Even if DNA was tested on some animals to try to distinguish individuals from other Latin subspecies, you would STILL need many prime examples of these snakes to begin with, as well as many, many subjects.
To begin this grand task, you would have to start out with individuals within their known range that had "ideal" meristical characteristics first to begin with, or you would just be testing a generic milksnake that could have come from anywhere, or have any amount of other genetic influence(s). This would have to be done with MANY snakes from MANY different ranges.
These differences from many ranges with many different specimens are things Kenneth Williams already did. He also explains variation, and goes on in great detail describing suspected intergrades, and with WHAT subspecies of snakes, as well as WHY they are believed to be intergrades with what subspecies.

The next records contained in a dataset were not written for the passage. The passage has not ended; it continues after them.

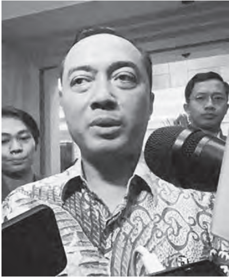
普拉斯蒂约否认出席者是反对派人士。
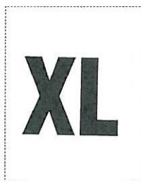
Etichetta taglia per sacchetto
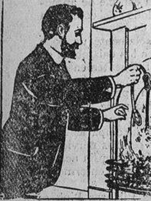
Cure su quebradura y eche el bragueros al fuego.

Se han hecho arreglos para que a todos los lectores de La Correspondencia de España que sufran de quebradura se les envíen completos detalles acerca de este invaluable descubrimiento, sin coste alguno, y se confía que todos los que lo necesitan se aprovechen de esta generosa oferta. Basta sólo llenar el adjunto cupón y enviarlo por correo a la dirección que se indica.
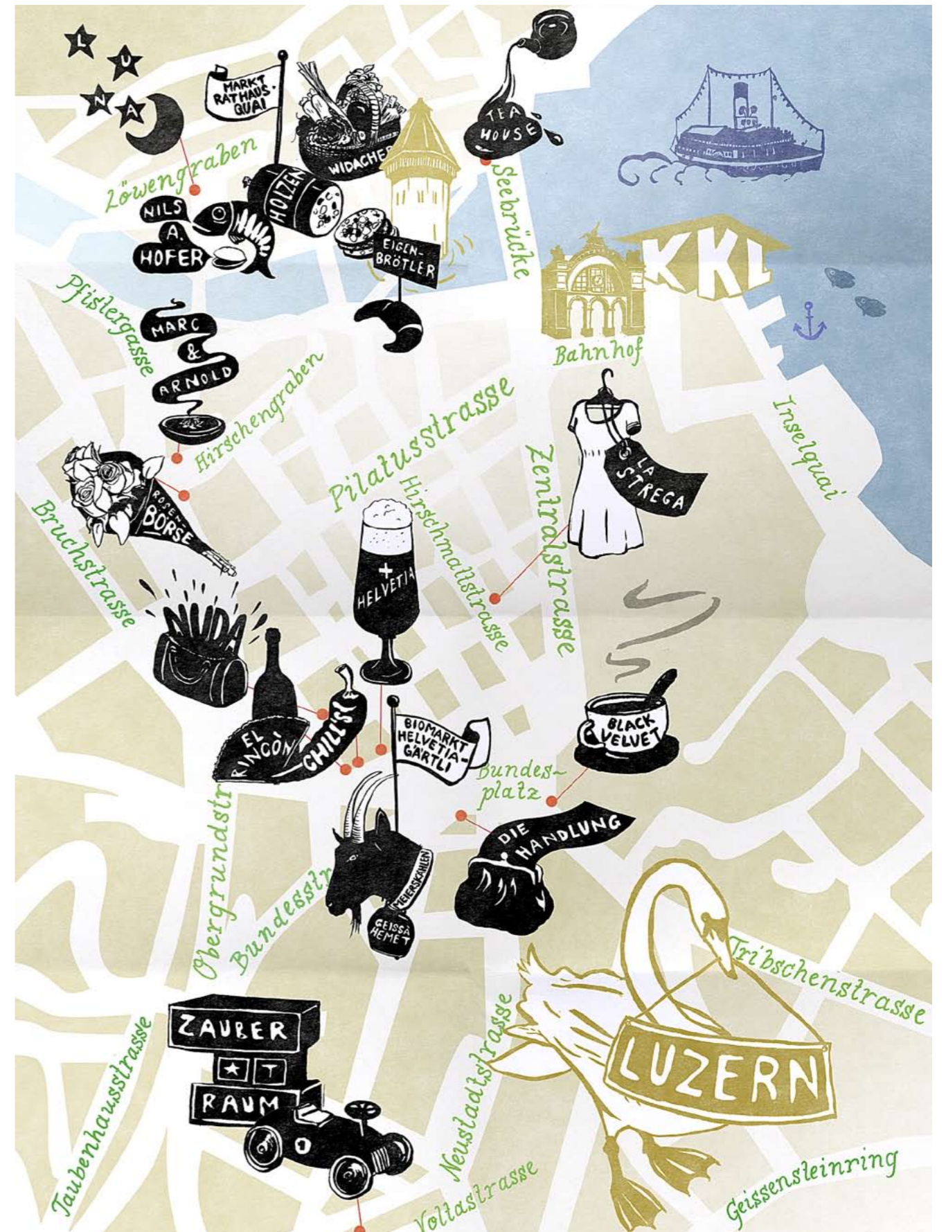
Illustration: Anna Haas

MARC & ARNOLD Bahnhofstrasse 24–26, Mo 11 bis 18.30 Uhr, Di und Mi 9 bis 18.30 Uhr, Do und Fr 9 bis 21 Uhr, Sa 9 bis 16 Uhr www.marcarnold.ch
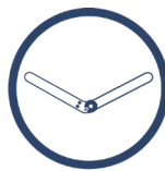
SZYNA MAGNETYCZNA 1R ORTHODESIGN
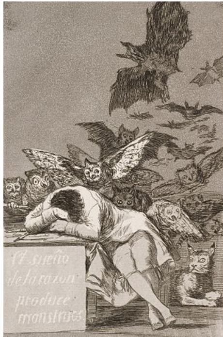
Francisco de Goya, El sueño de la razón produce monstruos , grabado n.º 43 Serie Los Caprichos (1797-1799).

Estas contradicciones llevaron a luchas, guerras e invasiones que desafiaron los ideales ilustrados de libertad, igualdad y fraternidad. Por ejemplo, las guerras e invasiones napoleónicas, que se llevaron a cabo en nombre de la razón y la libertad, causaron sufrimiento y destrucción en muchas partes de Europa. Por lo tanto, es importante reconocer tanto los logros como las limitaciones de la Ilustración para comprender su legado y sus implicaciones en la sociedad contemporánea.
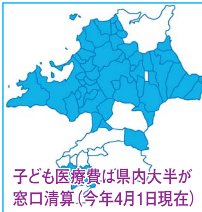
子ども医療費は県内大半が窓口清算(今年4月1日現在)

北九州市は遅れている 子ども医療費 北九州市の乳幼児等医療費支給制度は償還方式で、所得制限があります。県内の大半は窓口清算（たてかえ不要）（地図）で所得制限なしです。 議会では①通院費支給の中学3年（当面小学6年）までの拡大、②窓口清算方式への変更、③所得制限の廃止を強く求めました。
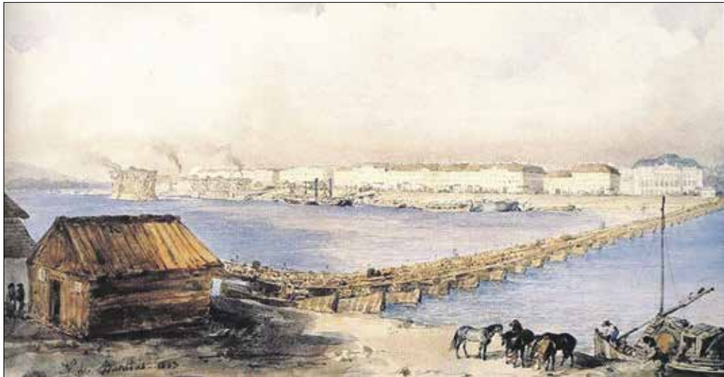
Hajóhid 1843-ban Barabás Miklós A pesti dunapart a Lánchíd épülő pillérével című festményén

pestis több százezer ember halálát okozta Magyarországon. Később Mária Terézia megtiltotta a pestistemetők használatát és a templomok köré való temetkezést.
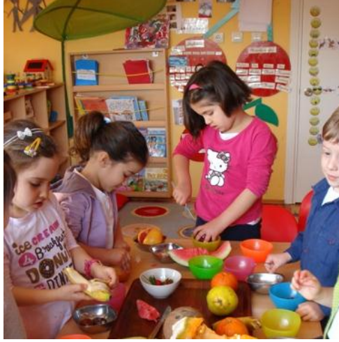
Resim 1.18: Psikomotor gelişiminde oyun
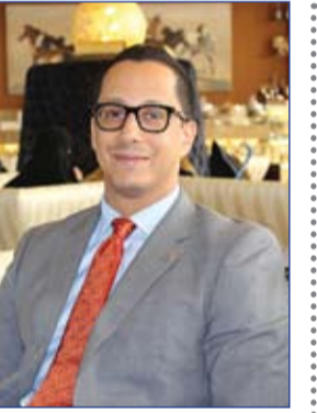
فندق خالدية بالاس ريجان من روتانا يعين مديراً جديداً لإدارة المبيعات

فور هابنيس) لتشجيع الرفاه والتقدم من خلال نشر السعادة والبهجة، وهو ما يتماشى كذلك مع توجهات حكومة دبي لترسيخ السعادة في المجتمع لكافة مواطنيها. ووفقاً لأبحاث جرت حديثاً، فإن فقد اختارت إيكيا عشوائياً مجموعة من المتسوقين لتفاجئهم بهدايا بقيمة تقارب 20,000 درهم إماراتي لتضي البهجة على يومهم. وكان ذلك ضمن نشاطات العلامة لإحياء اليوم العالمي الذي صممه (أكشن
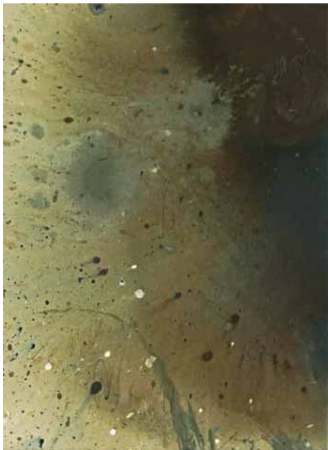
S/T Acrílico/lienzo 70 x 50 cm • 2025
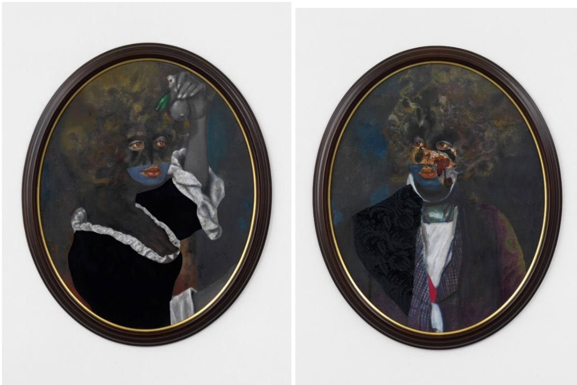
Detach in the Garden mixed media 85x67 2019 Detach,

Ik zag zijn werken bij Thierry Goldberg in New York en was direct onder de indruk. Ik kocht het werk 'Detach', zonder iets van de achtergrond te weten, puur en alleen omdat het collageschilderij me enorm intrigeerde. Het hangt hier al een dik jaar in huis voordat ik onlangs op zoek ging naar de achtergrond.
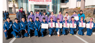
▲女子の部優勝の白山中学校
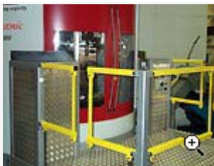
Arbetsplattform till bearbningsmaskin med programmerbar höj och sänkning
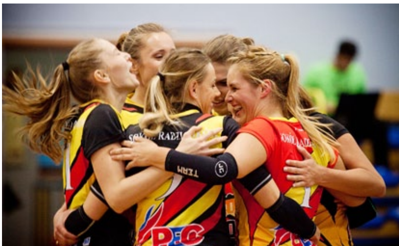
Siatkarki zapowiadają ostrą walkę w nowym sezonie

– Ciężko jest w chwili obecnej określić cele, jakie sobie stawiamy. Rywalizować będziemy z dziesięcioma bardzo dobrymi zespołami. W tym sezonie nie będzie słabych zespołów. Mysłowice mają za sobą występy w 9 pierwszej lidze, a Pszczyna która od dwóch lat usilnie walczy o awans do pierwszej ligi, pompuje w klub wielkie fundusze. Nie zapominajmy o rewelacyjnej drużynie z Jawora, Szczyrku czy o Częstochowiance, z którą jeszcze nie udało nam się wygrać. Do nowego sezonu przystępujemy kolejny już raz jako najbiedniejszy klub, lecz z wielkim sercem do walki. Pewnym jest, że chcemy godnie reprezento-
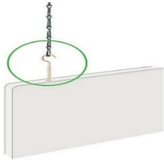
Hakenschraube, Ring und Kette
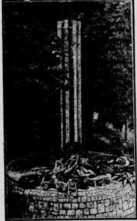
Studentenehrenmal in Kiel. In Kiel wurde ein von dem Düsseldorfer Architekten Runger — dem Schöpfer des Marine-Ehrenmals in Laboe — geschaffenes Ehrenmal zur Erinnerung an die 500 im Weltkrieg gefallenen Dozenten und Studenten der Kieler Christian-Albrechts-Universität feierlich eingeweiht.
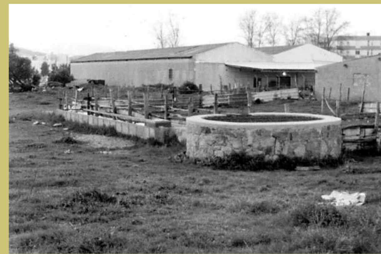
Pozo de la Higuera

El agua, algo tan fácil de conseguir en la actualidad, era un bien muy escaso no hace tantos años y conseguirla costaba mucho trabajo y esfuerzo, ya que el agua corriente en las viviendas aún no existía y eran escasos los pozos y fuentes de los que podía surtirse la mayor parte de la población.
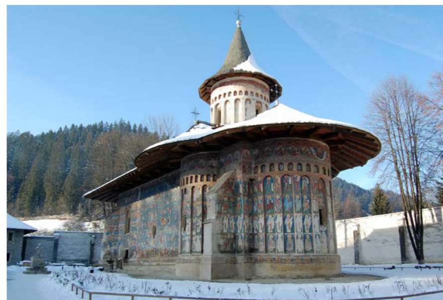
Het klooster Voronets in Roemenië

The main problem in the hobby is that not many people at all know what excellent examples of many of these different subspecies even look like, so when they have been mixed at different points over the course of many years by coutless people that couldn't tell a Sinaloan from an Andean Milksnake, it then becomes impossible to nail down with any certainty at all. For example, a tropical milksnake with 31 RBR(red body rings) that has extensive, heavily tipped scales and has a very broad, strait across snout band, that has heavily encroaching outer black rings(cross-overs) is NOT a hondurensis. Of course with all the morphs, much of this about the scale "tipping" wouldn't apply due to so many having greatly reduced, or no melanin at all.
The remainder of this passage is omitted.